In AL amyloidosis, selected patients may successfully undergo renal or cardiac transplantation to assist with organ recovery. For patients that have single-organ involvement and control of the plasma cell proliferative process, organ transplantation may be considered. Stem cell transplantation can be safely performed in patients with dialysis-dependent112 renal failure113. Failure to achieve a complete response is no longer considered a contraindication to organ transplantation because of the increased availability of therapeutic options and direct organ donor programs. Once the patient has an established complete response, consideration of renal transplantation may be undertaken. Cardiac transplantation has also been performed in patients with AL amyloidosis114. Patients with advanced cardiac disease are unlikely to tolerate therapy well and achieve deep responses prior to consideration of organ transplantation. There have been cases of patients receiving cardiac allografting first, followed by chemotherapy or autologous stem cell transplantation to achieve remission of the AL amyloidosis115,116,117. Long-term survivorship has been reported in highly selected patients who fulfill the criteria of deep hematologic response and single-organ involvement118. Lenalidomide therapy is best avoided in organ transplant recipients that are considered for post-organ transplant chemotherapy119.

Conclusion

Physician alertness and suspicion to the possibility of amyloidosis is a critical first step in diagnosing AL amyloidosis.

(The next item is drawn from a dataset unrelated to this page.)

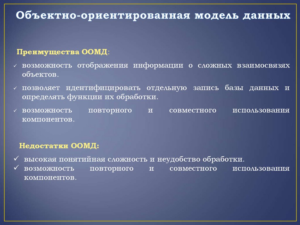 Преимущества ООМД:возможность отображения информации о сложных взаимосвязях

This would allow earlier diagnosis, with less organ dysfunction, a setting in which treatments are likely to be most efficacious. Those diagnosed with advanced cardiac disease are unlikely to benefit from therapy and have a high mortality in the first few months of diagnosis. Once AL amyloidosis is suspected, the diagnosis can usually be made noninvasively, and organ biopsy is not generally required. Mass spectroscopic analysis should be standard for all newly diagnosed patients with amyloidosis to ensure correct classification of the protein subunit, and where unavailable immunohistochemical techniques may be utilized. All patients with light chain amyloidosis need cardiac biomarkers, free light chain measurements, and a bone marrow, with a thorough cardiac evaluation. The treatment of choice remains chemotherapy directed at the plasma cell clone producing the amyloidogenic light chain. In select cases stem cell transplantation may be considered, however only a minority of patients are eligible for this treatment and with the availability of newer agents that achieve deep responses, the utility of stem cell transplantation is likely to be questioned moving forward. For patients that are not transplant eligible but able to tolerate therapy, the standard of care would be combination therapy with daratumumab, bortezomib, cyclophosphamide, and dexamethasone based on the recent FDA approval of this combination for AL amyloidosis. Where daratumumab is unavailable, bortezomib-based regimens are preferred. For very frail patients, all oral therapy with melphalan and dexamethasone is appropriate. Second-line therapy can include immunomodulatory-based therapies, and other agents used in multiple myeloma, although data with use of these agents in this setting are sparse. If daratumumab has not been used upfront, we recommend using this agent at relapse with data showing very high response rates in this setting. Anti-amyloid antibodies are likely to have a potential role in the future management of these patients.